The plane is one of four aircraft operated by the warden service.

The Eagle Lake Plane Base has been in operation since 1949 and ski equipped aircraft have been used by the Warden Service since the 1940’s for biological, search and rescue and law enforcement operations, MacDonald said in the earlier press release.


Story and video:  https://thecounty.me



Maine Department of Inland Fisheries & Wildlife


Game warden pilot escapes injury in Aroostook County

A game warden pilot escaped injury today after his aircraft broke through thin ice after landing on Eagle Lake. Just after 11:00 this morning, Game Warden Pilot Jeff Spencer, based out of Eagle Lake, was returning from a bear telemetry flight in his assigned Cessna 185 aircraft equipped with skis. Due to strong winds this morning, Pilot Spencer chose to alter his normal landing pattern slightly onto Eagle Lake.

After landing, Pilot Spencer proceeded to taxi across the ice toward the Warden Service Plane Base located on the west shore of Eagle Lake. While taxiing, Pilot Spencer crossed an area of thin ice and the aircraft broke through. Pilot Spencer was able to exit the aircraft without injury. The aircraft became partially submerged but was suspended by its wings and tail.

Just two days prior on December 18th, several test holes were drilled in various locations near the plane base and the ice was determined safe for aircraft operations. Several takeoffs and landings at this location had been made by Pilot Spencer since Monday the 18th. The aircraft is a 1979 Cessna 185 and is one of four aircraft operated by the Maine Warden Service. Logistics for removing the aircraft are ongoing. The full extent of damage to the aircraft is unknown at this time.

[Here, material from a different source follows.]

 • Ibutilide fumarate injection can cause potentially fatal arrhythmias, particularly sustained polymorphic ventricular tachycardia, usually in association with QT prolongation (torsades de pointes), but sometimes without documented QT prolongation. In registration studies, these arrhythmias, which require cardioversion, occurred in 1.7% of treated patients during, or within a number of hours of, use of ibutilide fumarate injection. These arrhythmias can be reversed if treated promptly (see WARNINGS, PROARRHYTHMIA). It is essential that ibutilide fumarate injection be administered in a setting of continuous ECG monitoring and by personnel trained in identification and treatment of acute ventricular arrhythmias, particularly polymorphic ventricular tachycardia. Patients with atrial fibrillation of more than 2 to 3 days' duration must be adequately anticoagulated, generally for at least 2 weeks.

The Eagle Lake Plane Base has been in operation since 1949 and ski equipped aircraft have been used by the Warden Service since the 1940’s for biological, search and rescue and law enforcement operations. We feel very fortunate this evening that Warden Pilot Jeff Spencer escaped this incident without injury.

Original article can be found here ➤ https://www1.maine.gov

EAGLE LAKE, Maine — A Maine Warden Service plane went through the ice on Eagle Lake Wednesday afternoon, according to a local man who took a photo of just the tail end sticking out of the water.

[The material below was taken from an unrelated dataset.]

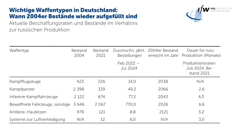根據“基爾世界經濟研究所”(IfW)去年九月發佈的一項研究顯示,如果按照目前的採購速度,德國戰鬥機大約需要15年才能達到2004年的庫存量,坦克大約需要40年,而自行榴彈炮則需要近100年。所以現在德國需要大量的時間重建軍備。

Peter Pinette, who lives in a home next to the lake along with his wife Sandra, said that he did not witness the accident but that a relative who lives across the lake contacted the family to tell them about it and warn them not to go out on the lake.

“I went down and there’s a plane sitting through the ice,” he said.

Pinette said a neighbor told him that the pilot had gotten out and was safe.

When contacted by email for comment, Cpl. John MacDonald of the Maine Warden Service confirmed that the pilot was safe but provided no other details about the incident. He said the department was still gathering information and that a press release would be issued later.

Sandra Pinette posted her husband’s photo of the submerged plane surrounded by ice on her Facebook page to warn others of the potential danger of going out on the lake.

“My wife posted on Facebook that the lake is not safe and to be careful because this is what happened. Nobody should be on the lake without testing it,” Peter Pinette said.

He added that last Friday he and his adult son measured the ice on the lake and found it to be unsafe.

“My son and I were cutting holes to see the thickness of the ice and near the shore it was about six to eight inches. As we were going out to the center it was dropping down in size to four inches. One place had three inches and we decided that was it. We walked back. We weren’t going any further. It’s not a good situation,” he said.